My Samsung Gear (Tizen 2.4, Web App) application makes use of several paid APIs which are protected with secret access tokens.
At the moment I simply have those tokens inside a js file, this does not feel like a safe way to store sensitive information.
What is the recommended way to store this kind of information.
The documentation mentions a key manager:
https://developer.tizen.org/ko/development/api-references/web-application?redirect=/dev-guide/3.0.0/org.tizen.web.apireference/html/device_api/wearable/tizen/keymanager.html&langredirect=1
But I think the watch user has access to that?

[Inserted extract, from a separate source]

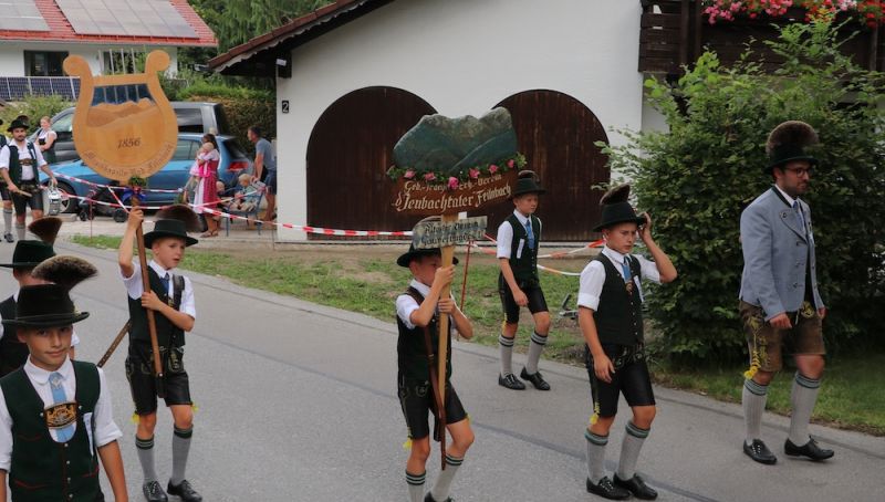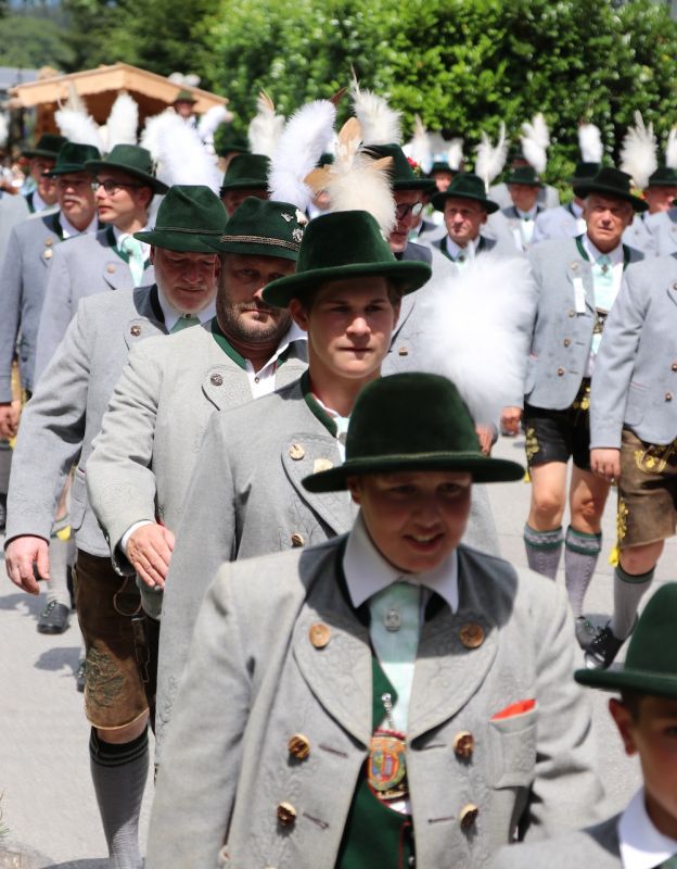 In der folgenden Heiligen Messe startete der Brannenburger Pfarrer Kraus seine Predigt mit dem Phänomen, dass nicht neu ist, aber zunimmt: dass an Unfallorten fotographiert wird, anstatt zu helfen und sogar die Rettungskräfte blockiert werden, nur um ein außergewöhnliches Bild zu haben, das man in den sozialen Medien posten kann. „Haben die Menschen ihre Sensibilität und ihr Mitgefühl verloren?“ fragt er „haben sie noch ein Gespür für die Notleidenden und wie würden sie die Situation beurteilen, wenn sie selber die Verunfallten wären?“ Er betont, daß die Sichtweise, aus der etwas heraus beurteilt wird, von großer Bedeutung ist und schlägt damit den Bogen zum Tagesevangelium vom barmherzigen Samariter: im bekannten Gleichnis von Jesu gehe zwei Gelehrte an einem Notleidenden vorbei, weil das Gesetz es ihnen verbietet, sich durch die Hilfe unrein zu machen. Erst ein Mann aus Samarien hilft dem Verunfallten. „Bevor wir die ersten beiden verurteilen, sollten wir uns fragen: haben wir nicht selbst oft genug Angst, uns unrein zu machen und fallen uns nicht selber oft genug Entschuldigungen ein, warum wir das eigentlich Notwendige nicht tun können?“ Dass im Gleichnis ausgerechnet der in der Gesellschaft aussenstehende Samariter hilft, nimmt Pfarrer Kraus als mahnenden Hinweis an die anwesenden Trachtler: „auch wir stecken gern Grenzen und grenzen damit aus: der „hinter der anderen Seite vom Inn“, der „Preiß“, der „uns nicht Zugehörige“, „derjenige der nicht in unser Denkschema passt“ - und ausgerechnet der schenkt Nähe.“ Jesus fordere, dass nicht falscher Standesdünkel oder sonstige Unzulänglichkeit der menschlichen Nähe und Hilfe im Wege stehen. Zum Schluß seiner Predigt betont er, dass der bayerische Satz „I mog Di“ als Maxime gelten kann: „vollständig heißt der Satz „I mog di leiden“ - ich zeige Mitglied mit dir: wir brauchen keine Gaffer, wir brauchen takträftige Helfer, die zu den Leuten sagen: „i mog di“".

Which is exactly what I try to avoid.
Inside the config file, I can set some preferences, which I can then fetch with the preferences API. Is this secure? Or is this information extractable as well?
I was wondering what the safest way to store senstive app information (such as usernames, passwords, tokens, keys, ...), to which the watch user should in no way have access to, is to put inside a gear app. Or is the code assured to be protected in the compiled WGT file?
Or is the code assured to be protected in the compiled WGT file?
There is a feature of encrypting Encryption available in Tizen applications. It protects html, js and css files after installation on the device. Maybe you can use it to somehow protect some sensitive data, but please notice that encryption happen during installation on the device - not during wgt file creation.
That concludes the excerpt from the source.